Defining a data and prediction function

First, we need to some generate some data.

Using the code block below, create a function that takes a single argument (`n`), and returns a data.frame object with $n$ observations and three variables with the following properties:

* `X0`: always takes the value 1

* `X1`: random numbers drawn from a uniform distribution between -5 and 5

* `X2`: random numbers drawn from a uniform distribution between -2 and 2

```{r}

set.seed(89)

genX <- function(n) {

  return(

    data.frame(X0 = 1,

               X1 = runif(n,-5,5),

               X2 = runif(n,-2,2))

```

set.seed(): This line sets the seed for random number generation. Setting the seed ensures reproducibility, meaning that if you run the code with the same seed, you'll get the same sequence of random numbers.

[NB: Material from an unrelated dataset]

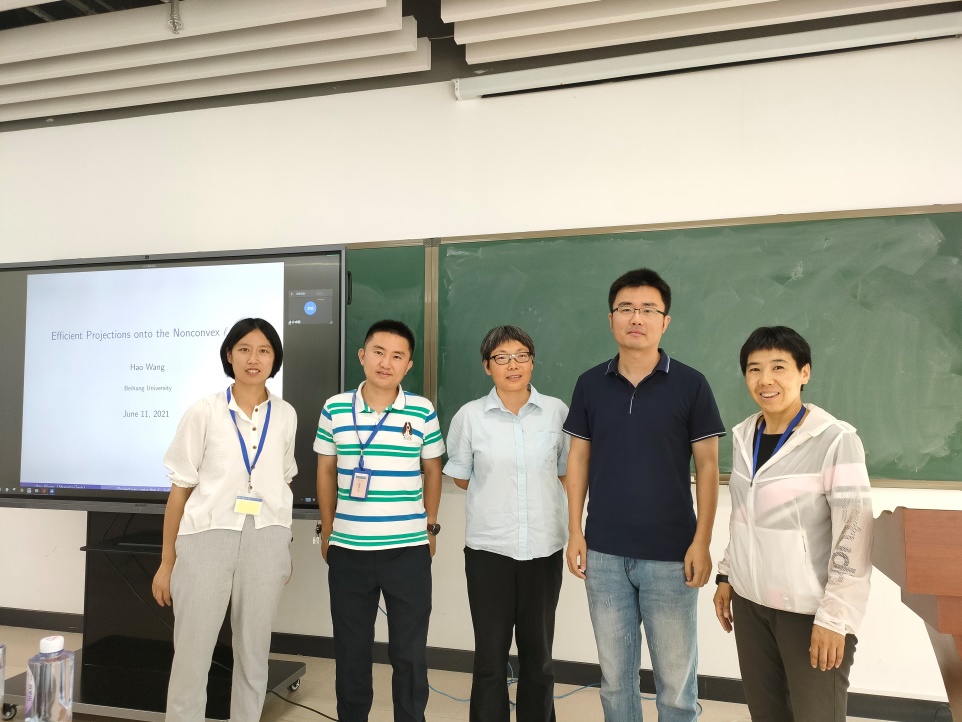 2021年6月11日上午,上海科技大学王浩助理教授为太阳成集团122ccvip师生做了题为“Efficient Projections Onto Nonconvex l_p Balls”的学术报告。报告由刘红英副教授主持。

function(n): This line defines a function named 'genX' that takes a single argument 'n'. This function will generate a data frame with 'n' observations.

return(): This line indicates what the function should return. n this case, it returns a data frame generated using the data.frame() function.

data.frame (): This function creates a data frame, a two-dimensional tabular data structure similar to a spreadsheet or SQL table.

The runif() function generates random numbers from a uniform distribution.e.g. X2 = runif(n, -2, 2): This creates a variable named X2 in the data frame and assigns it random numbers drawn from a uniform distribution between -2 and 2.

Next, for every training observation, we need a binary outcome! Let's write another function that takes a data frame $X$ (of the dimensions created using `genX`) as its only argument, and performs the following steps:

1. Defines a linear relationship where $Ylin = 3*X_0 + 1*X_1 - 2*X_2 + e$, where e ~ N(0,0.05).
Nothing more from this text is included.